Submitted to: The Canadian Entomologist
Publication Type: Peer Reviewed Journal
Publication Acceptance Date: December 20, 2005
Publication Date: March 1, 2006
Citation: Mittapalli, O., Shukle, R.H., Wise, I.L. 2006. Identification of mariner-like elements in Sitodiplosis mosellana (Diptera: Cecidomyiidae). Canadian Entomologist. 138(2):138-146.

Interpretive Summary: The orange blossom wheat midge is the most important insect pest of wheat in western Canada and is an important pest of wheat in northern Europe, Russia and China. It is an emerging pest of wheat on the north-central plains of the United States with the potential of causing increased yield loss in wheat across the central plains of the United States. Alternate hosts of the pest include barley and rye. Larvae of the pest destroy the developing kernels in the wheat head. Additionally, damaged kernels can affect the baking quality of flour. To date, the only effective means of control of this pest has been insecticide applications.
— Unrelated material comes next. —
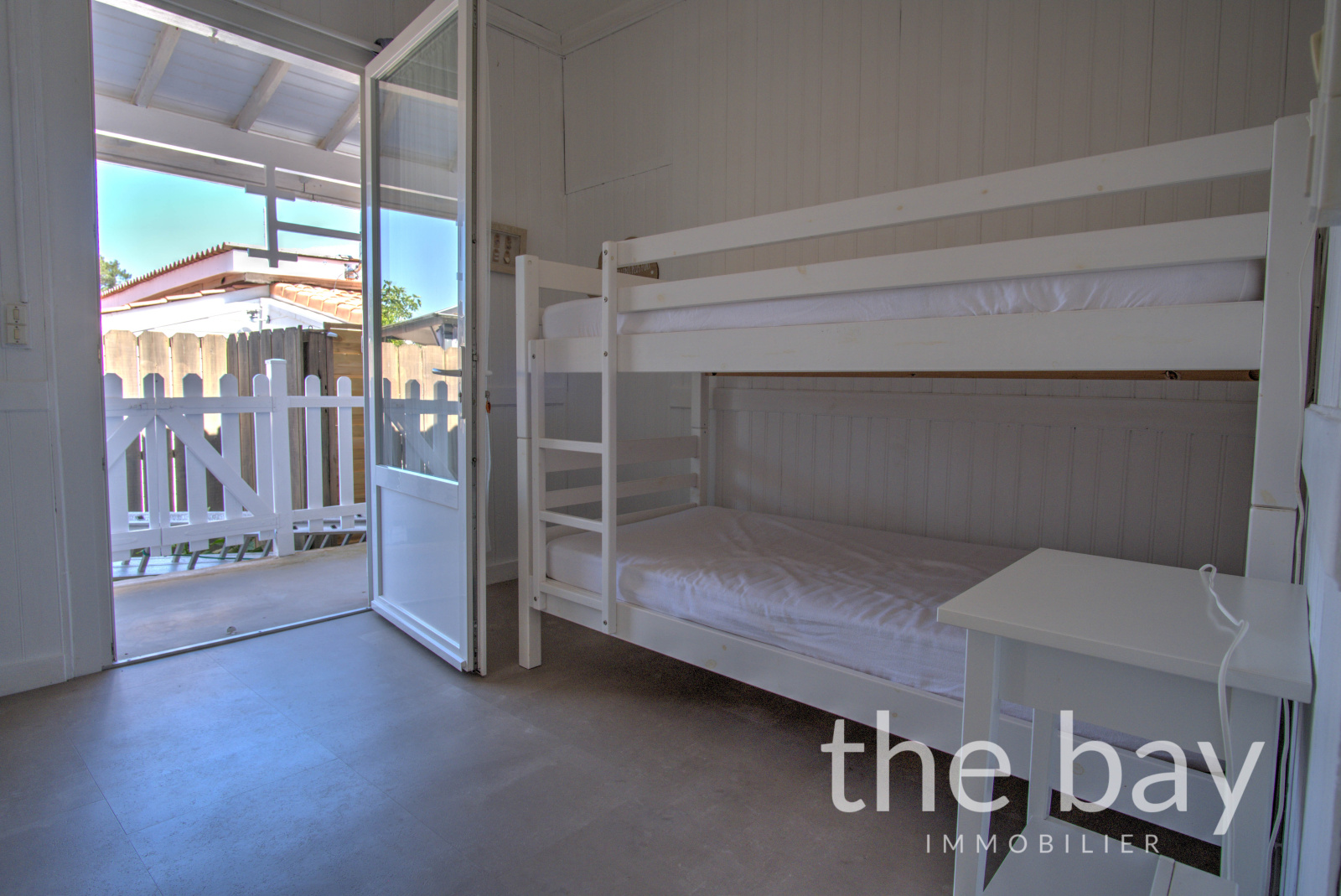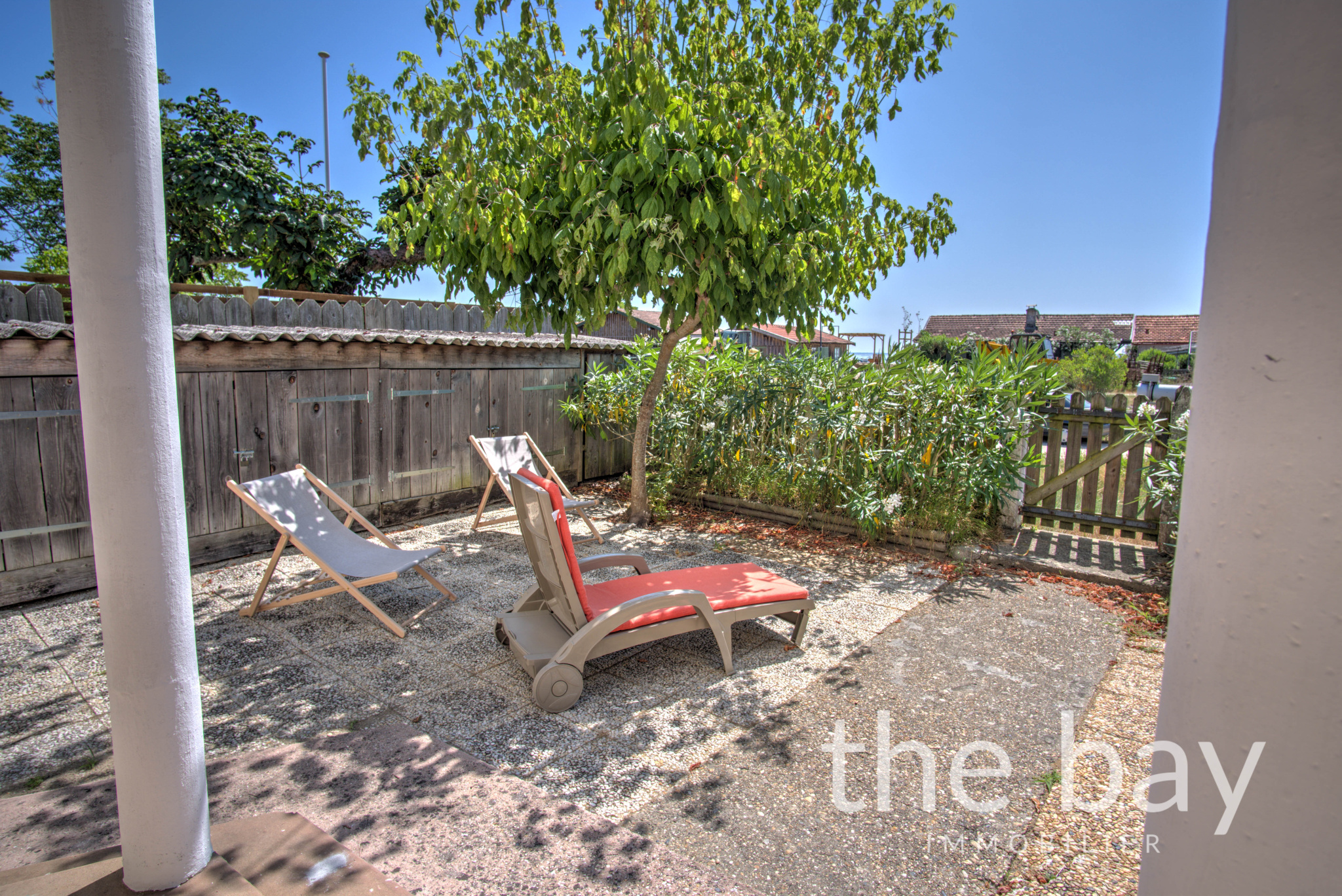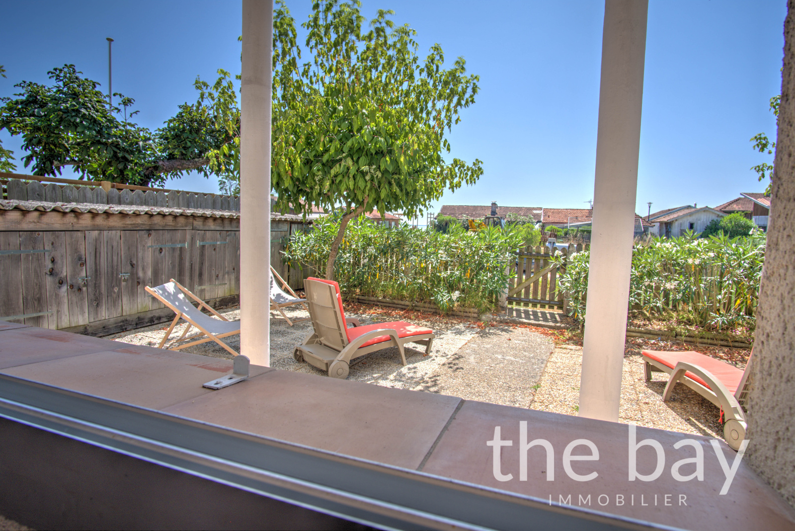 Vous profiterez également de deux terrasses couvertes, l’une côté Bassin et l’autre côté rue, ainsi que de la jouissance exclusive d’un jardin d’environ 100 m² doté d’un portillon offrant un accès privilégié au Bassin.

Recently, an effective gene for resistance has been characterized and is being incorporated into wheat cultivars in Canada. However, since only one gene for resistance has been identified there is concern about the development of biotypes of the pest capable of surviving on resistant wheat. We have identified a 'jumping gene' in the orange blossom wheat midge that is capable of moving from one position to another on the DNA of the pest. Knowledge about this jumping gene will help scientists develop molecular tools to manipulate genes in the pest as well as to locate genes on the DNA of the pest. Such jumping genes can also cause changes in the DNA of the pest that can lead to the evolution of virulent biotypes of the pest that can overcome formally resistant wheat. These studies will help scientists devise innovative methods for developing durable resistant wheat to prevent yield loss and the agricultural community will benefit from improved pest control that increases yield and quality without increasing costs.

Technical Abstract: Mariner-like element sequences were recovered from the genome of the orange blossom wheat midge, Sitodiplosis mosellana (GĂ©hin), with degenerate PCR primers designed to conserved regions of mariner transposases. The deduced amino acid sequences for the mariner-like transposases from S. mosellana showed 67% to 78% identity with the peptide sequences of other mariner transposases. A phylogenetic analysis revealed the mariner-like elements from S. mosellana grouped in the mauritiana subfamily of mariner elements. Results from Southern gel blot analysis suggested mariner-like elements are at a moderate copy number in the genome of S. mosellana. Results have importance in selection of a transposon-based system for manipulation of the S. mosellana genome as well as in mapping genes and in possible genome re-modeling and development of virulent biotypes of the pest that can overcome resistant wheat.